PROBLEM DETAILS -
Give back exactly the lines of the material below that start at the one holding "Old Chain-Bridge at Chaksam, 1904" and end at the last line, minus the pictures.
BEGIN
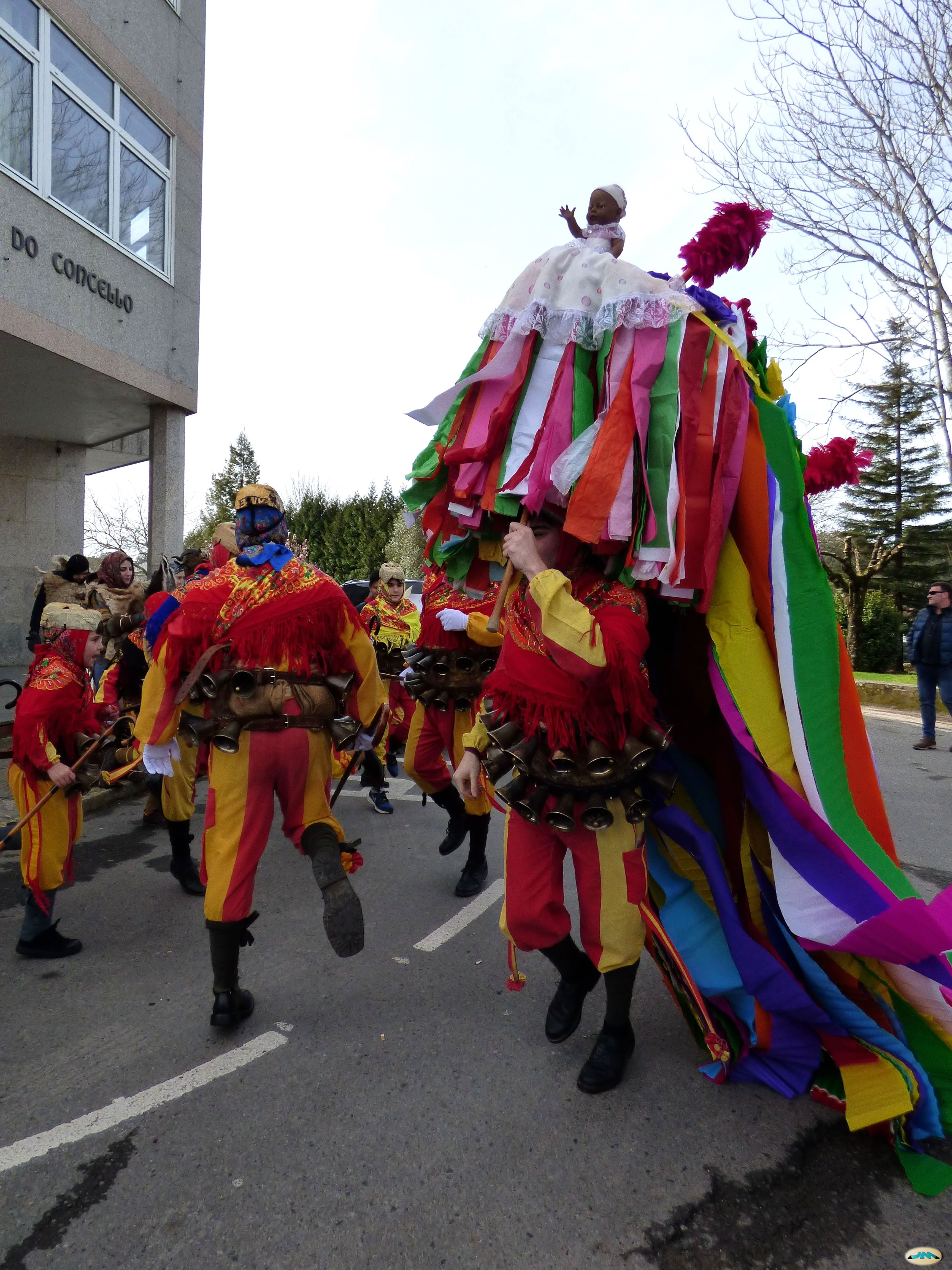 Entroido Chantada 2018.
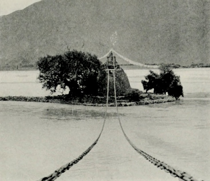 Old Chain-Bridge at Chaksam, 1904
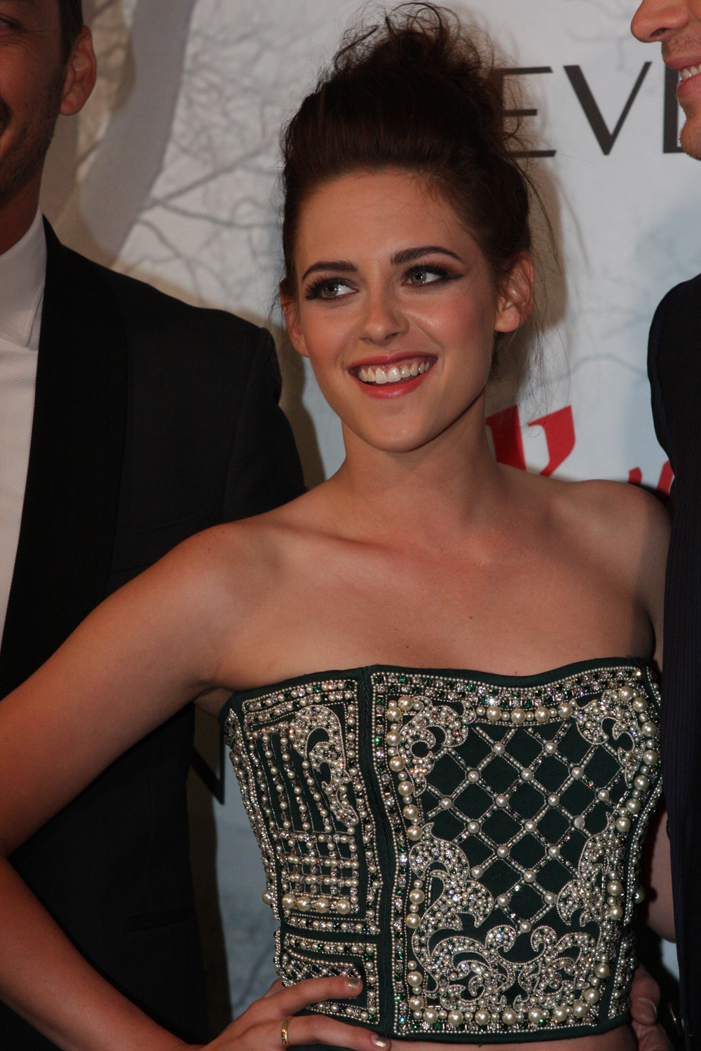 Kristen Stewart at the Snow White and the Huntsman movie premiere - Bondi Junction, Sydney Australia 2012.
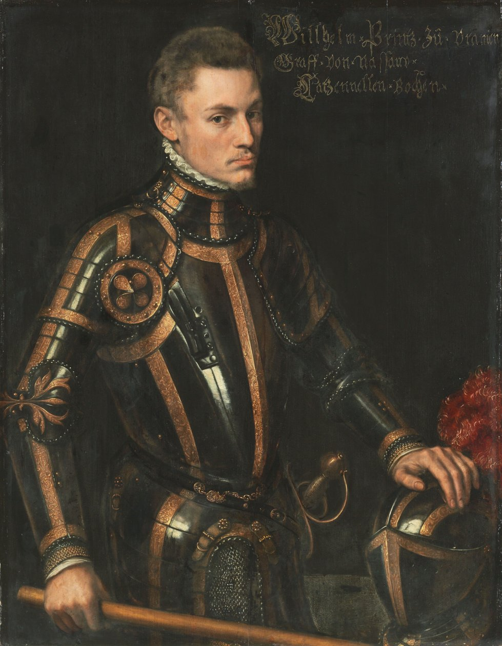 Copy of a painting by Antonis Mor, dating from 1555.
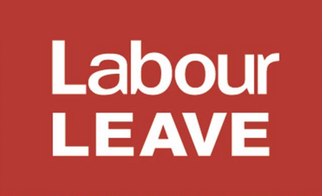 Labour Leave logo
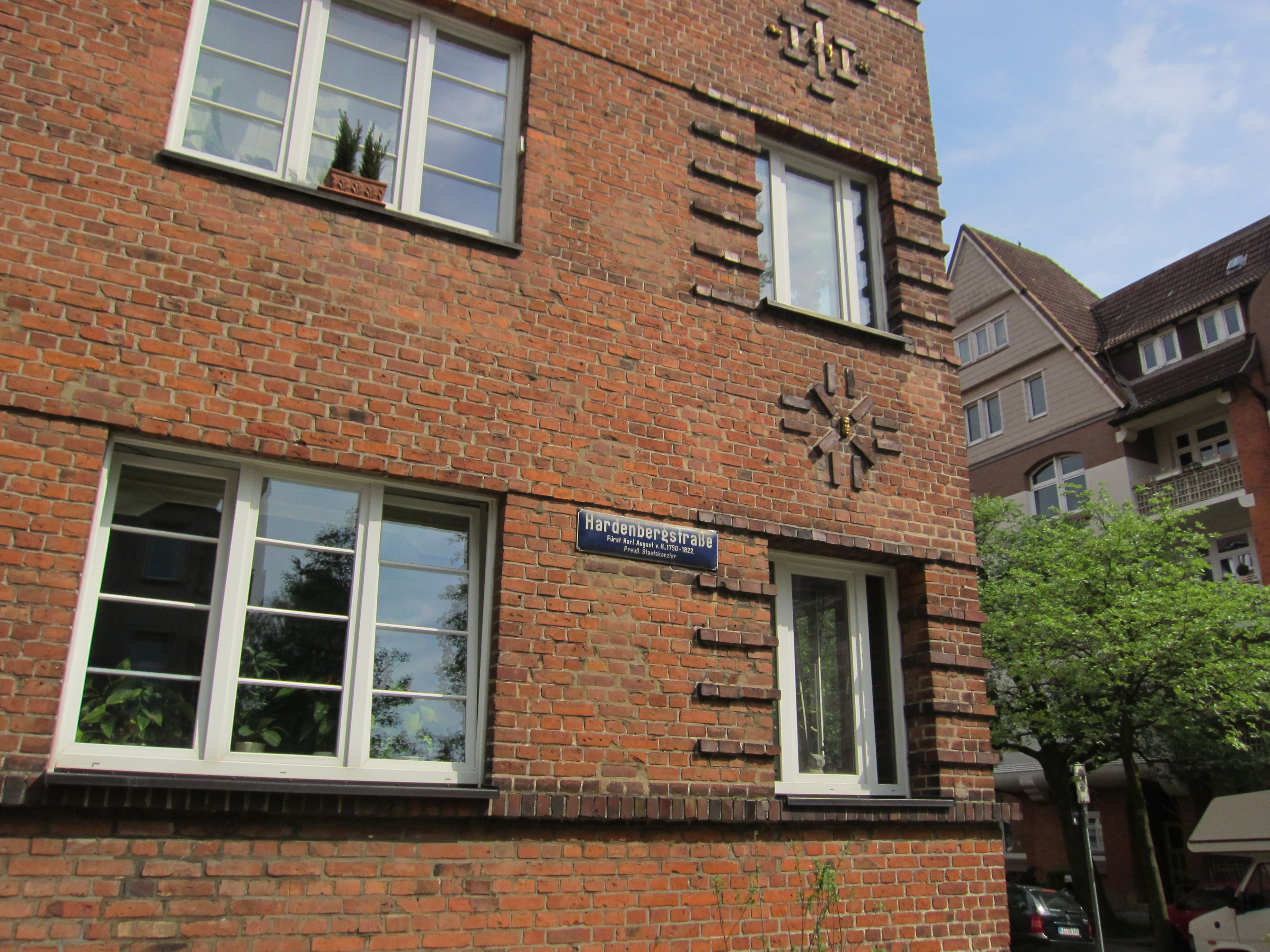 Street sign "Hardenbergstraße" in Kiel-Marineviertel
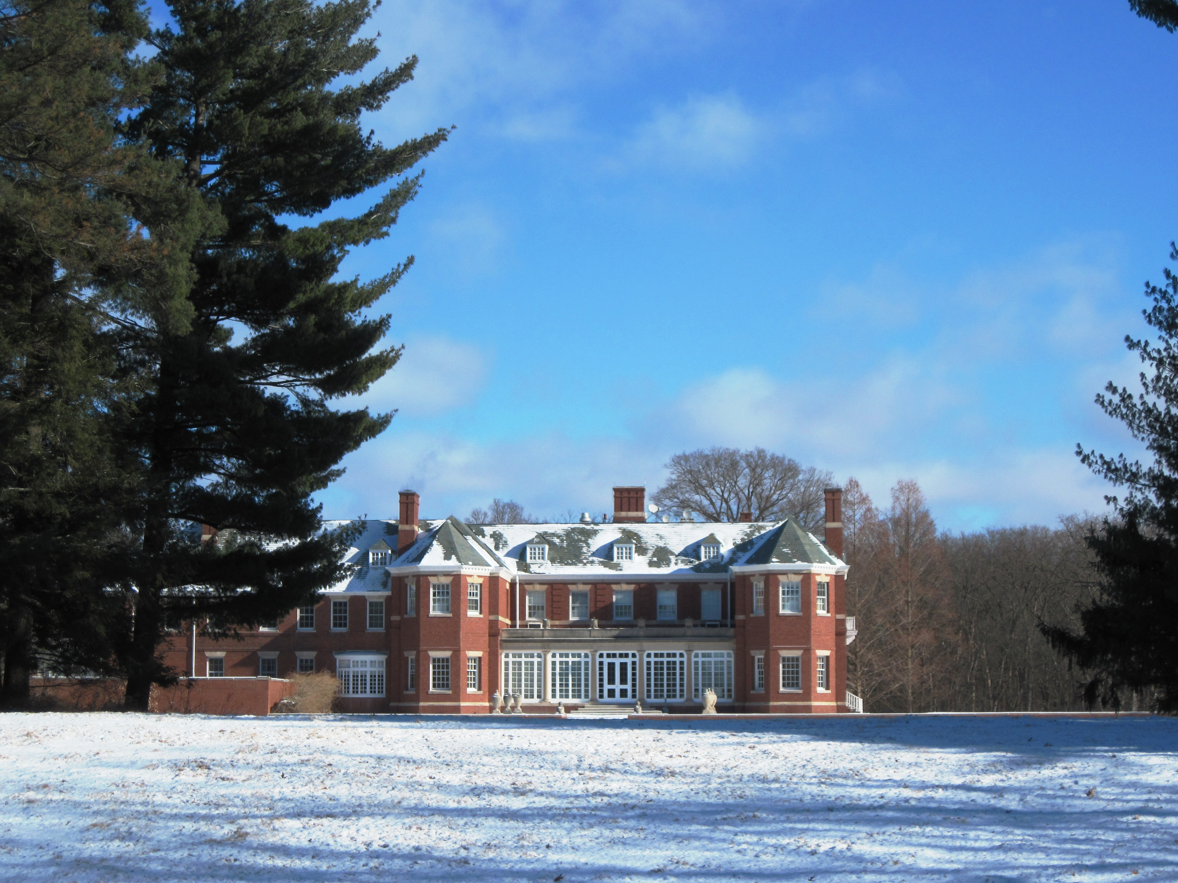 Robert Allerton Estate, 515 Old Timber Rd. Monticello
END
ANSWER SECTION -
 Old Chain-Bridge at Chaksam, 1904
 Kristen Stewart at the Snow White and the Huntsman movie premiere - Bondi Junction, Sydney Australia 2012.
 Copy of a painting by Antonis Mor, dating from 1555.
 Labour Leave logo
 Street sign "Hardenbergstraße" in Kiel-Marineviertel
 Robert Allerton Estate, 515 Old Timber Rd. Monticello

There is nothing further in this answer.